As a web developer that programs in PHP, on my free time I like to run some math algorithms to see the wonder of math.
In this experiment, I wanted to check the final results for $B= A^x -(A-1)^x-(A-2)^x-(A-3)^x...(A-n)^x$ as long as $B ≥ 0$
I will list my "findings" in the following before addressing my question:
When $x=2$: and starting with $A=2$
$4 - 1 = 3$
$9 - 4 - 1 = 4$
$16 - 9 - 4 - 1 = 2$
$25 - 16 - 9 = 0$
$36 - 25 = 11$
$49 - 36 = 13$
$64 - 49 = 15$
...
Notice: when $A = 5$ meaning $25 - 16 - 9 = 0$ we get $B=0$
Notice: according to my script and fist $1000$ results, starting $36−25=11$ (number $5$ on the list), $B$ always goes up and there are no more than one deductions before $B≥0$
When $x=3$: and starting with $A=2$
$8 - 1 = 7$
$27 - 8 - 1 = 18$
$64 - 27 - 8 - 1 = 28$
$125 - 64 - 27 - 8 - 1 = 25$
$216 - 125 - 64 - 27 = 0$
$343 - 216 - 125 = 2$
$512 - 343 = 169$
$729 - 512 = 217$
$1000 - 729 = 271$
...
Notice: when $A = 6$ meaning $216 - 125 - 64 - 27 = 0$ we get $B=0$
Notice: according to my script and fist $1000$ results, starting with $512 - 343 = 169$ (as a peak number $7$ on the list), $B$ always goes up and there are no more than one deduction before $B≥0$
When $x=4$: and starting with $A=2$
$16 - 1 = 15 $
$81 - 16 - 1 = 64$
$256 - 81 - 16 - 1 = 158 $
$625 - 256 - 81 - 16 - 1 = 271 $
$1296 - 625 - 256 - 81 - 16 - 1 = 317$
$2401 - 1296 - 625 - 256 - 81 - 16 - 1 = 126$
$4096 - 2401 - 1296 = 399$
$6561 - 4096 - 2401 = 64$
$10000 - 6561 = 3439$
$14641 - 10000 = 4641$
$20736 - 14641 = 6095$
...
- Notice: according to my script and fist $1000$ results, starting with $10000 - 6561 = 3439$ (as a peak number $9$ on the list), $B$ always goes up and there are no more than one deduction before $B≥0$.

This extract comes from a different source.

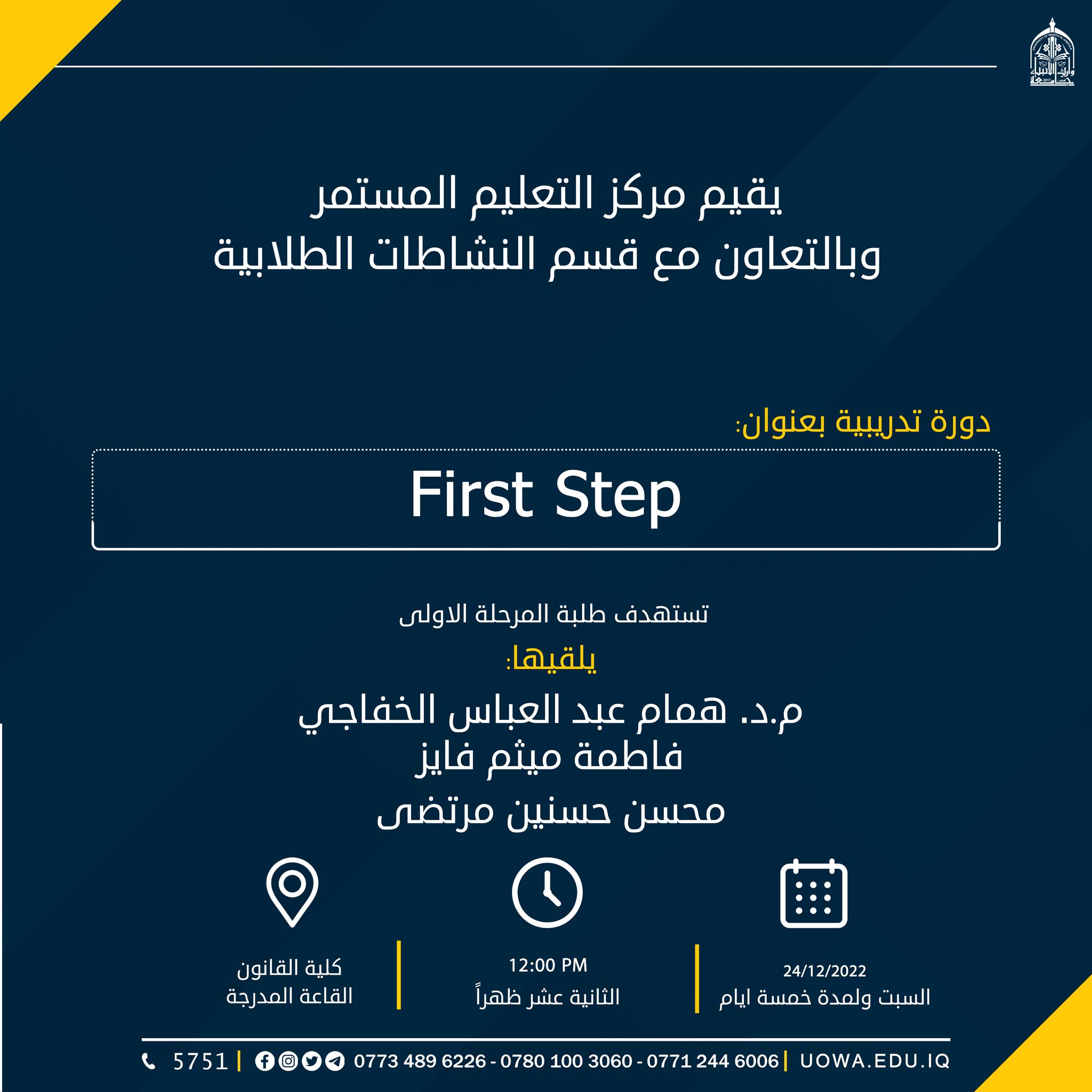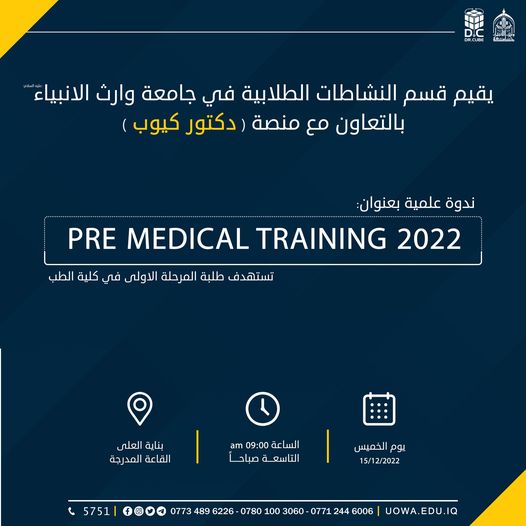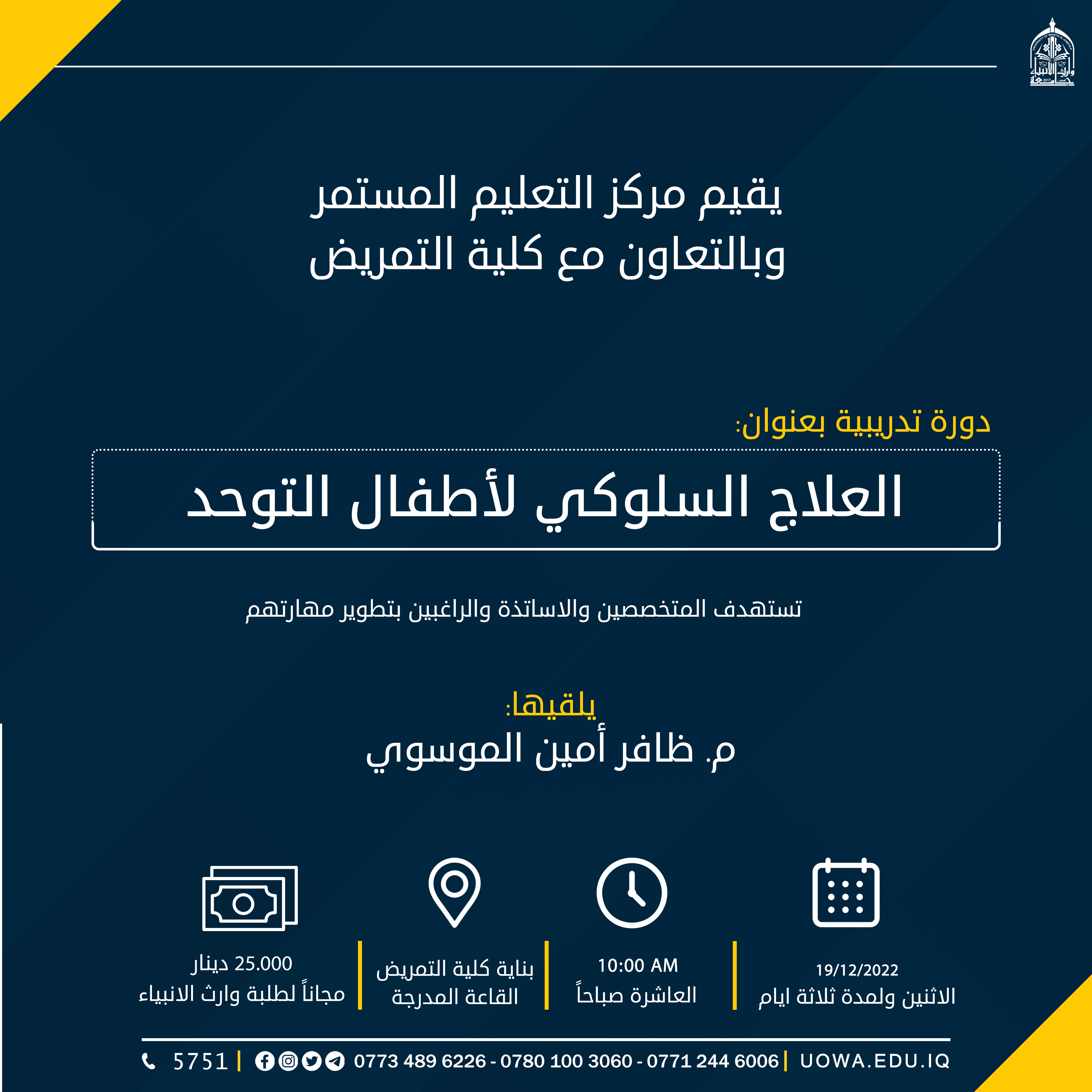 تحت رعاية السيد رئيس جامعة وارث الانبياء (عليه السلام) الاستاذ الدكتور ابراهيم الحياويوبأشراف السيد عميد كلية التمريض أ.م.د. مرتضى غانم عداي الجبورييقيم مركز التعليم المستمر في جامعة وارث الانبياء وبالتعاون مع كلية التمريض

And it continues like this when $x>3$ ,,,
I understand that the proportion between consecutive numbers is decreasing as the numbers are growing, but it seems as every list begins with a small bump where $B$ and the amount of deductions is increasing for a bit, then decreasing, and then $B$ is increasing from there on consecutively while the amount of deductions is no more than one.
It seems as if the bumps last longer as $x$ grows bigger.
A) Is there any explanation for the bump and will it occur and grow for all $x$ as $x$ gets bigger?
B) Is $25 - 16 - 9 = 0$ and $216 - 125 - 64 - 27 = 0$ the only examples where $B=0$?
As a self learner I really don't know what I am searching for, so if this is a duplicate please close and refer.